War in Ukraine threatens to blow US food costs sky high
Experts say American shoppers will begin to see higher grocery bills as the war in Ukraine threatens global food supplies.
President Biden said Thursday that a food shortage is “gonna be real” following the sanctions that were placed on Russia by the U.S. government as a result of Russian President Vladimir Putin’s invasion into Ukraine.
“With regard to food shortage, yes we did talk about food shortages, and it’s gonna be real,” Biden said during a press conference at a NATO summit in Brussels, Belgium, following a meeting with other world leaders.
“The price of the sanctions is not just imposed upon Russia,” he added. “It’s imposed upon an awful lot of countries as well, including European countries and our country as well.”
Biden said “Russia and Ukraine have been the breadbasket of Europe in terms of wheat” and insisted that he and other leaders had a “long discussion in the G7” about the need to “increase and disseminate” food production.
U.S. President Joe Biden at NATO headquarters in Brussels on March 24, 2022.
(Michael Kappeler/picture alliance via Getty Images)

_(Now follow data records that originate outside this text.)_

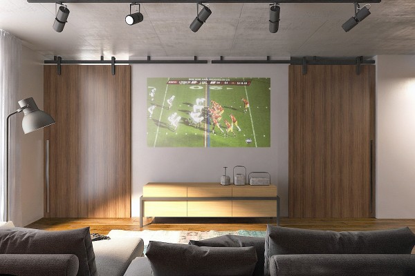 木板滑動(dòng)在一起以隱藏電視并暴露臥室和廚房——對(duì)于任何想要在工作室公寓布局中物理分隔房間的人來(lái)說(shuō),這是一個(gè)激動(dòng)人心的設(shè)計(jì)!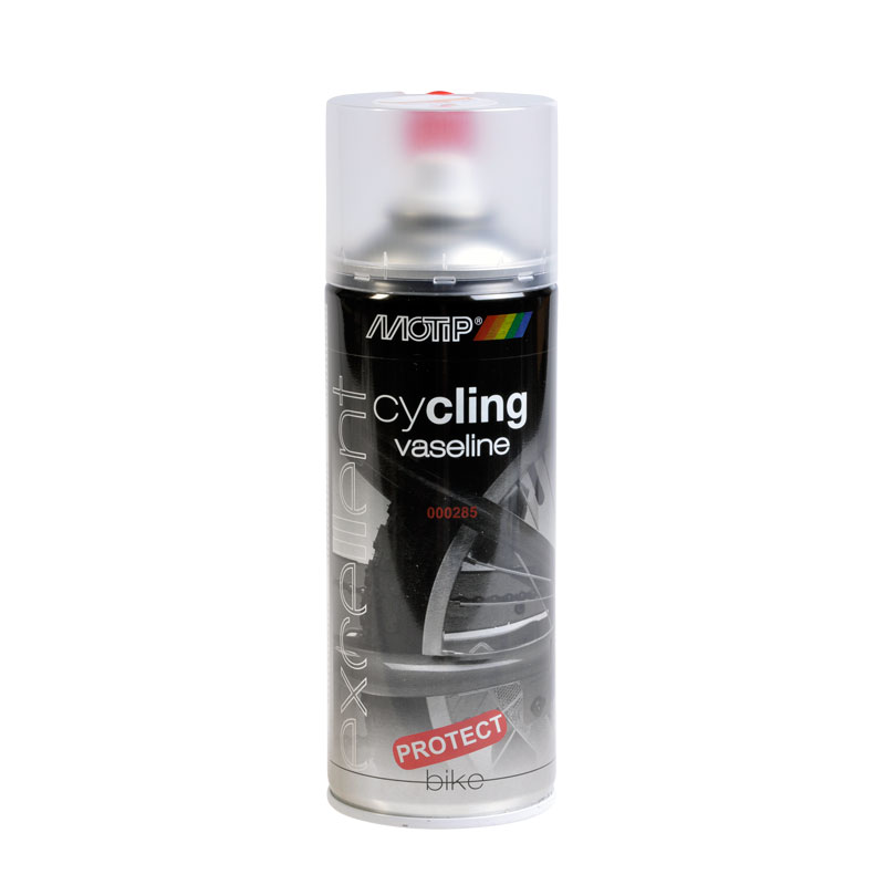 Motip Cycling Vaseline Spray (400ml)Erittäin hyvin vettä ja kosteutta hylkivä ruiskutettava vaseliini.Kestää sään, heikkojen happojen sekä emäksien vaikutusta.Lisäksi tuotteella on erinomainen korroosionestokyky.Laatikkokoko: 6 kplMotip on Euroopan suurin teknisten aerosolien ja aerosolimaalien valmistaja. Omat tehtaat Saksassa ja Hollannissa tuottavatomien tuotemerkkien (mm. Motip Cycling) lisäksi aerosolit yli 400:lle ”privat label”-tuotemerkille.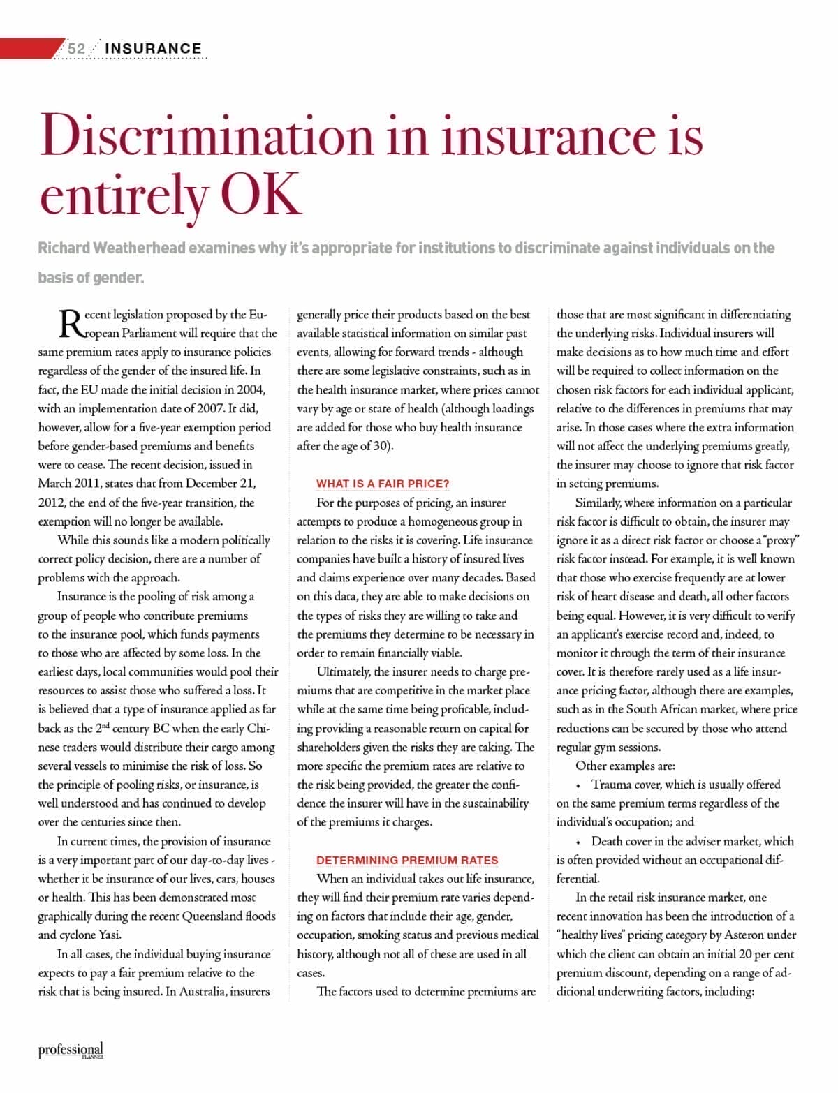 Recent legislation proposed by the European Parliament will require that the same premium rates apply to insurance policies regardless of the gender of the insured life. In fact, the EU made the initial decision in 2004, with an implementation date of 2007. It did, however, allow for a five-year exemption period before gender-based premiums and benefits were to cease. The recent decision, issued in March 2011, states that from December 21, 2012, the end of the five-year transition, the exemption will no longer be available.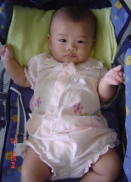 給蛋糕穿上新式樣的粉色系套裝,看起來好可愛,搭捷運時,我忍不住幫她拍照.這些衣服再過陣子她就穿不下了.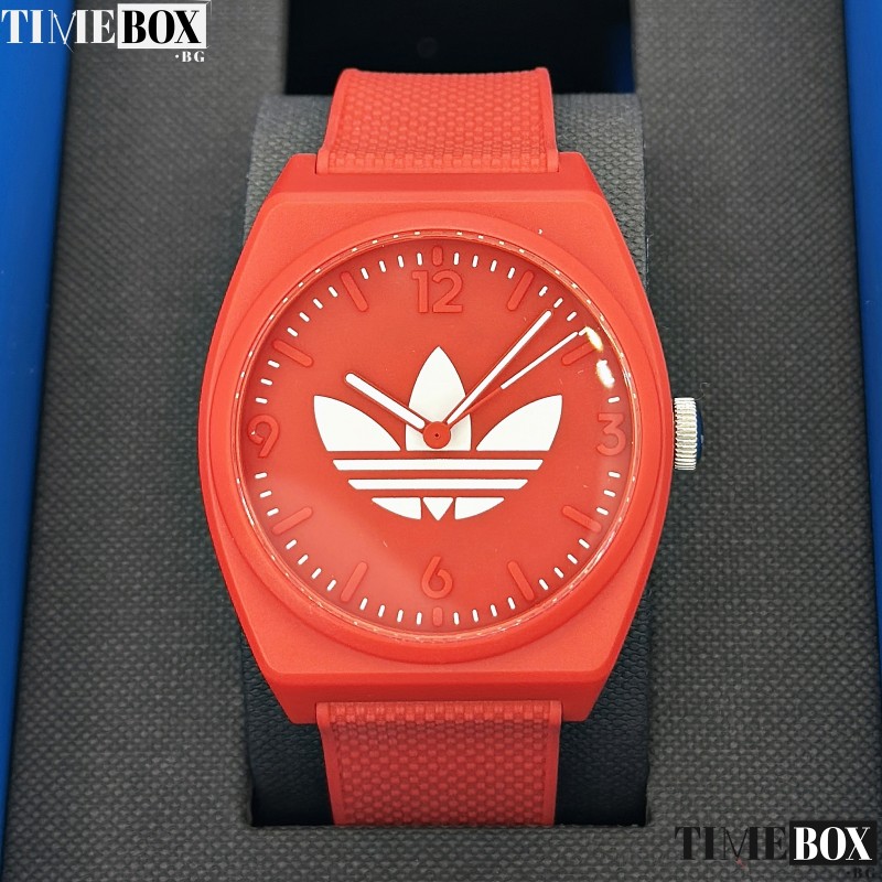 - Циферблат: Червен, с бели стрелки и бяло лого Adidas Trefoil за отлична видимост.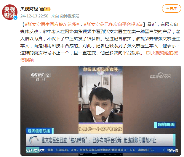 对此,张文宏医生表示, “这样的卖货账号不止一个,且一直在变,我多次向平台投诉但屡禁不绝。很多不明真相的老百姓、特别是有些对AI不是很熟悉的、年纪较大的市民,就很容易相信。”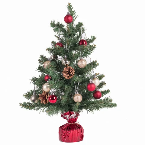 Ель искусственная декоративная, 50 см, зеленая, с гирляндой и игрушками, ЗОЛОТАЯ СКАЗКА, 591316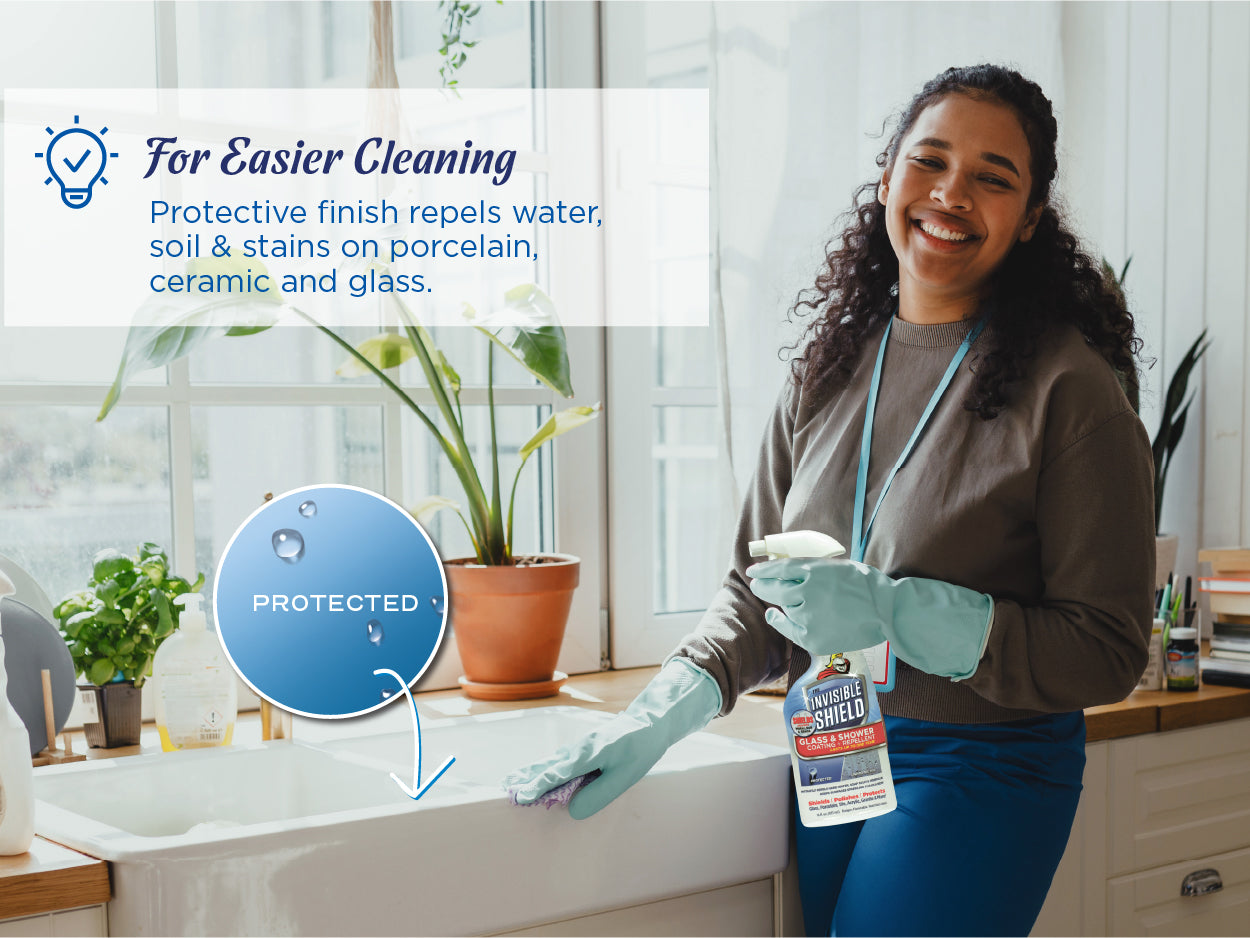 Experience the ultimate protection for your glass surfaces with Invisible Shield® Glass & Shower Coating + Repellent. This 16oz 2-PACK comes with a specialty polishing pad for easy application. Our product creates a durable protective finish that repels water, soap, and minerals, keeping your surfaces sparkling and new. With one application lasting up to a year or longer, you'll save time and effort on cleaning and maintenance. This versatile coating works on glass, porcelain, tile, acrylic, granite, and more, covering over 1000 square feet with just two bottles. Upgrade your cleaning routine and maintain the beauty of your surfaces with Invisible Shield® Glass & Shower Coating + Repellent.

“In addition to that, we talked about urging all the European countries, and everyone else, to end trade … limitations on sending food abroad,” Biden said. “And, so, we are in the process of working out with our European friends what it would take to help alleviate the concerns relative to the food shortages.”
Biden’s warning of a “real” food shortage and the impact it will have on America and European countries following the implementation of sanctions on the Russian economy comes after White House press secretary Jen Psaki said this week that Americans are unlikely to face a food shortage.
“While we’re not expecting a food shortage here at home, we do anticipate that higher energy, fertilizer, wheat, and corn prices could impact the price of growing and purchasing critical fuel supply, food supplies for countries around the world,” Psaki said. “And early estimates from the World Bank suggest disproportionate impacts on low and middle-income countries including in Africa, the Middle East, and Southeast Asia.”
White House press secretary Jen Psaki speaks during a press briefing at the White House, Wednesday, March 9, 2022, in Washington.
(AP Photo/Patrick Semansky)
At the time, Psaki said the administration was working “with our partners in the G7, multilateral development banks, the World Food Programme, and the U.N. Food and Agriculture Organization to mitigate” food shortage impacts lower-income countries.
A Twitter account managed by the Republican National Committee highlighted previous dismissal from Biden over potential food shortages in America due to the COVID-19 pandemic.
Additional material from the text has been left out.